Wednesday, September 20, 2006

The next step off a peak

is always down. You either step back or you fall off. I chose to step back this time, for a change. Getting older has its advantages sometimes. Man I need this workout too as even though I worked my butt off this weekend it is NOT the same thing as training and I was starting to feel weird.

Standing and walking for twelve hours a day for four days is not my knees favorite thing but the old guy held on til monday, whereupon it said NO. So tons of stretching, massage and vibration tried to get it to unravel but I knew I just needed a workout. It pushes the reset button on my body.

Snatch Ladder
26x5/5/5/5x2
36x5/5/5/5x2

44x5/5
x6/6
x7/7
x8/8
x9/9
x10/10 :90 reps/3960#
53x5/5: 10 reps/ 530 #

total:100 reps /4490

Man these always feel rough when I havent trained it awhile.I had so many years of isolation training and with these creaky joints all the parts dont want to work toghether til they get nice and warm.

two hand swings
53x10x6 sets: 60 reps/3180 #

supersetted with Tactical pullups
6x5: 30 reps

finally warmed up and did these in true superset fashion back to back. my lungs were finally opening up. The swings were real easy just moving the parts. the pullups felt great.

one kb rack walk
36# x100 feetx6 laps: 600 feet continuous alternating arm rack side.

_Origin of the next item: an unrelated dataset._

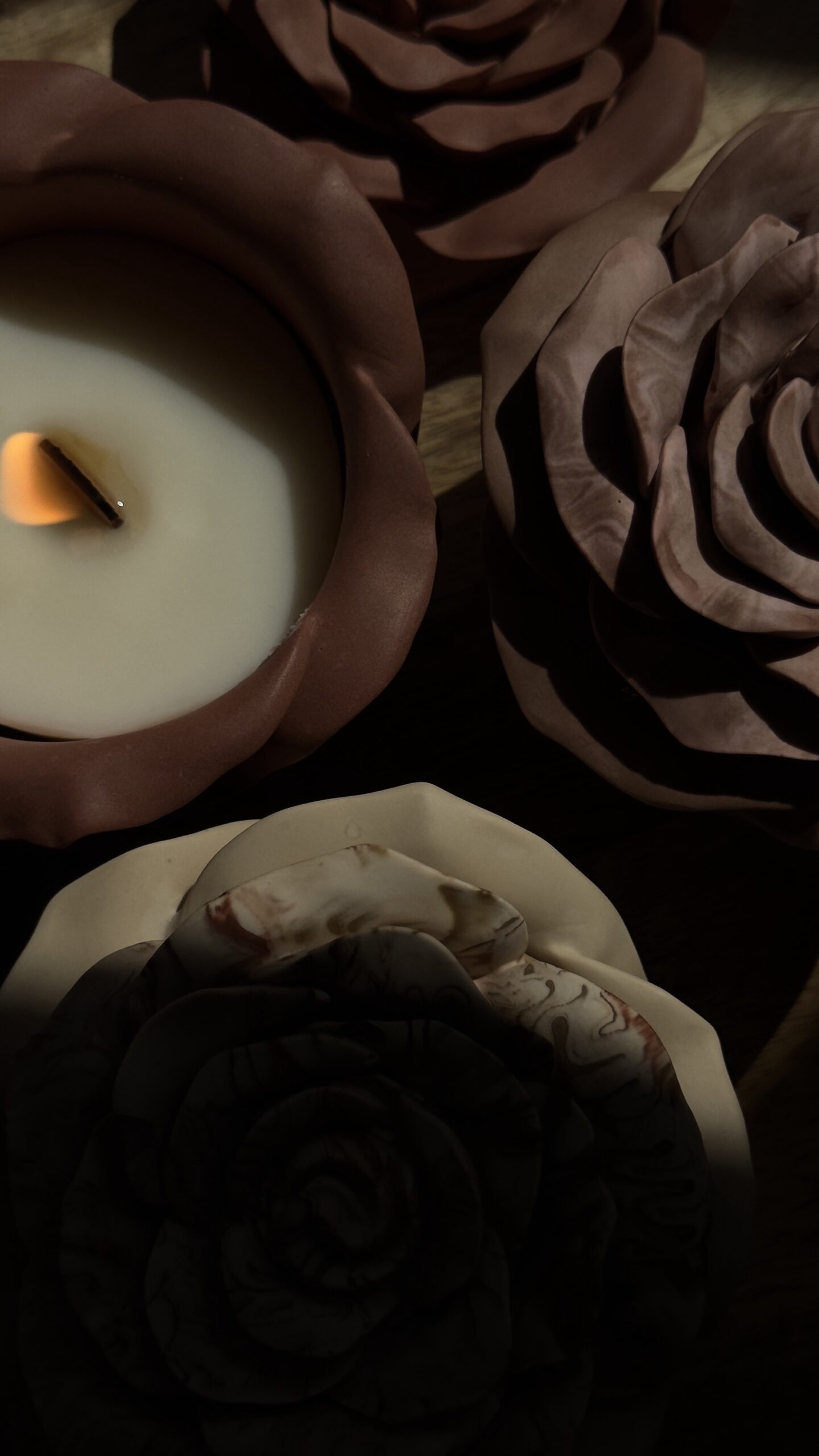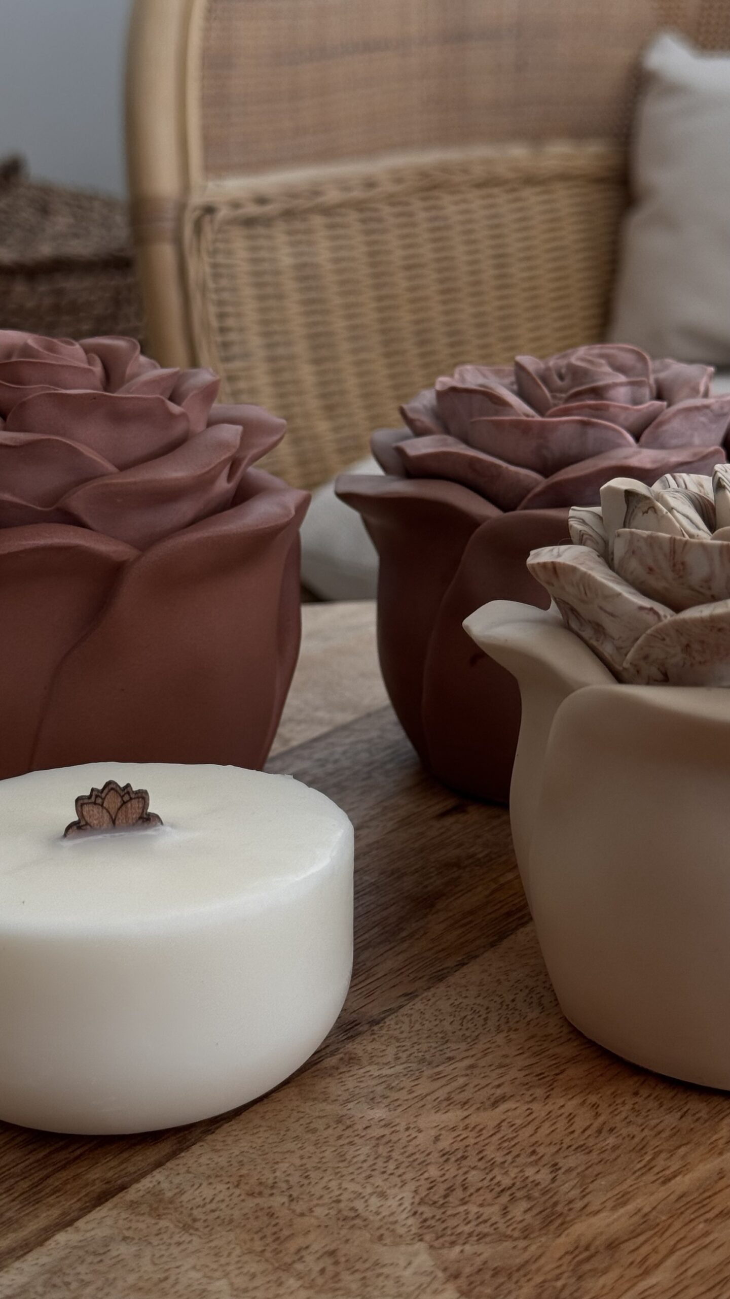 Chaque pièce est unique : je confectionne moi-même les contenants en jesmonite avec des pigments naturels. Les marbrures varient d’un modèle à l’autre, rendant votre bougie absolument exceptionnelle.

I knew that these would really help my gait spasticity as they always did. stopped just short as the achilles tendon and ankle were starting to say hi. Wore my tactical boots for the cert but thinking next time my usual wrestling shoes. I flatter heel. any kind of heels tightens up my already way too tight soleus even more.this is what is causing my knee pain and ankle instability. Be gone in no more than two or three days.

bw 161.4
bf 9.5% YEAH BABY!

nothing like one meal a day and walking and working your ass off for twelve hours or so to get the bf down.light too.

Oh yeah, lots of rifga stretching this am with hip opening squats now in the mix, both wide and close stance.

datsit, stayin loose

4 comments:

Franz Snideman said...

ONE MEAL A DAY! Man, I would be as skinny as a Somolian warlord :)

nice training as usual!

Tom Furman said...

With your knowledge of bodywork and therapy. Write up a blog piece on the care and cure of ilio-psoas. I could use all the ideas. Mine were jacked in martial arts years ago and I feel them every day. Hard to get a foam roller or tennis ball deep in the origins of the psoas!

Mark Reifkind said...

tom,
the psoas is hard to get as you know and I used a thumbs in the belly of it as I lowered the leg from flexion to extension. not something I would write an article advocating,lol! today if I need the work I use a one inch dowel stick to in hib the sucker.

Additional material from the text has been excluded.